Spanking brand new. Posted in our “Form 10-K” Practice Area, this comprehensive “Form 10-K Handbook” provides a heap of practical guidance about how to deal with Form 10-K. This one is a real gem – 41 pages of practical guidance.
The Dangers of Social Media: The SEC’s Enforcement Division Is Social Too
Here’s news from Vince Pisano of Xtract Research: Recently, the SEC commenced an action for insider trading against an investor in Thailand who purchased common stock, out of the money call options, and single stock futures on common stock of Smithfield Foods in the week before the announcement of its acquisition by Shuanghui International Holdings. The SEC alleged that the investor was tipped to an impending transaction by a Facebook friend, who was a former employee at the investor’s employer and is now employed by an investment bank that counseled a competing bidder. In eight days, the investor reaped unrealized gains of $3.2 million on an investment of approximately $2.7 million. The investor’s purchases of options and single stock futures were so large, they constituted almost the entire market. Perhaps he thought no one would notice.

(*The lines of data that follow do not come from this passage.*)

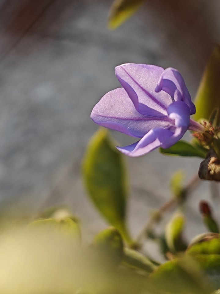 自家的小花园在一月里显得生机盎然,平时里赏着、陪伴着着实有一番乐趣,冬日傍晚的阳光暖暖,斜斜地折射在角落的蓝雪花花瓣上。
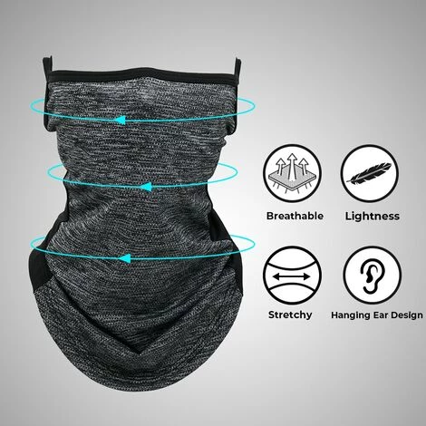 Tissu Super élastique, il ne sera pas facile de le porter. Conception de suspension d’oreille, la longueur est modérée et douce, elle ne blessera pas vos oreilles.La surface du bandana est recouverte de trous d’air, ce qui a une bonne transpiration et respirabilité, il n’y a pas de sensation collante, il sèche rapidement et garde votre tête au sec en été.UPF50 +, bloquer efficacement les rayons nocifs UV et prévenir les coups de soleil. Et le matériau sèche rapidement, vous pouvez garder votre corps à température fraîche.Description:1.Les masques faciaux bandana sont fabriqués en tissu élastique doux et respirant, ce qui vous permet de vous sentir à l’aise et de mieux respirer l’air frais en été.2.La surface du bandana est recouverte d’aérations, elle peut rapidement évaporer la sueur et ne pas être étouffante.3.Le tissu extensible dans les 4 sens est très doux et proche de votre peau. Il absorbe rapidement la sueur, la répand rapidement, que tout autre masque facial.4.La conception suspendue à l’oreille le rend plus pratique à porter, pas facile à glisser, proche du visage et un grand confort de port.Détails du produit:Matière: polyester, spandexCouleur: 5 couleurs (comme le montre la photo)Genre: unisexe, hommes, femmesSaison: printemps, été, automne, hiverTaille: taille unique (13cm * 32cm)Emballage Inclus:1 pièce de masque Bandana
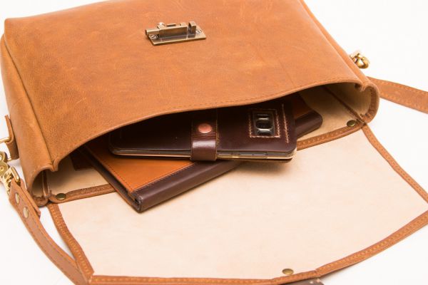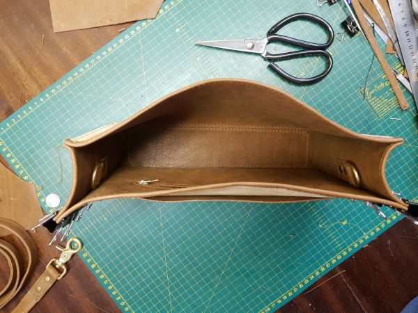 Специально для этой сумки купил хорошую латунную фурнитуру. Тут только что прошитый ремешок
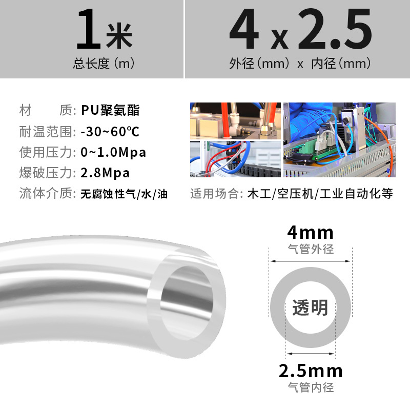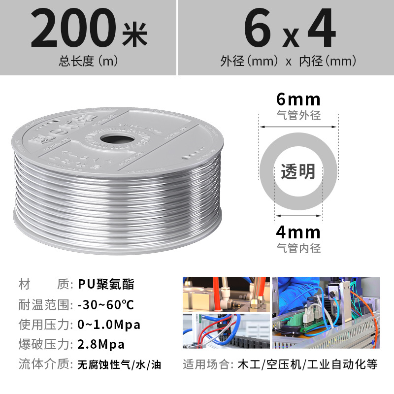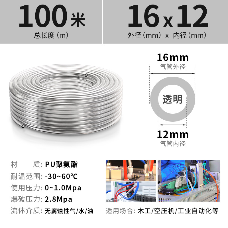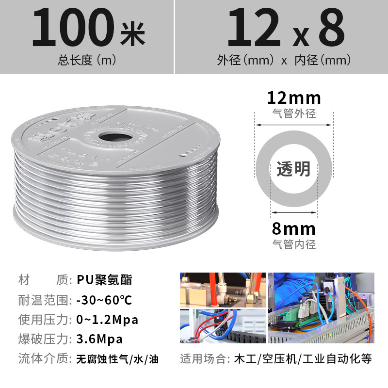 PU 공기 파이프 호스 공기 압축기 공기 펌프 공압 고압 투명 공기 파이프 고온 폭발 방지 6/8/10/12mm스토어 가기

Since the investor is said to be an employee of a plastics factory in Thailand, either additional persons will be soon be implicated or applications for jobs at Thailand plastics factories will soar. The regulators were obviously drawn to this investor by the size of his positions – but notably, the only connection to inside information alleged in the SEC’s complaint is to a Facebook friend. First emails and now social media sites. The SEC has computers and knows how to use them.
In this blog, David Smyth notes how quickly the SEC’s Enforcement staff brought this action – which involves the largest-ever acquisition of a U.S. company by a Chinese company…
Webcast: “A Proxy Season Post-Mortem: Lessons Learned”
Tune in tomorrow for the webcast – “A Proxy Season Post-Mortem: Lessons Learned“- to hear Ning Chiu of Davis Polk; Marty Dunn of O’Melveny & Myers; Keir Gumbs of Covington & Burling; and Dave Lynn of TheCorporateCounsel.net & Morrison & Forester analyze the latest developments that transpired during the proxy season.
There have been a dozen more failures during the past few days, including three more companies that have failed two years in a row – and two more have failed three years in a row! At three-peater Nabor Industries, two comp committee members failed to receive majority support and tendered their resignations, which were not accepted by the board – and as noted in this WSJ article, the company engaged in some shady vote counting on its proxy access proposal. Wow…
Here are the latest failures:
– Nabors Industries – Form 8-K (33%; also failed in 2012 with 25% and in 2011 with 42%)
– OpenTable – Form 8-K (47%)
– Big Lots – Form 8-K (31%; also failed in 2012 with 31%)
– East West Bancorp – Form 8-K (42%)
– Tutor Perini – Form 8-K (38%; a 3-peat with 38% in 2012, 49% in 2011)
– The Children’s Place Retail Stores – Form 8-K (17%)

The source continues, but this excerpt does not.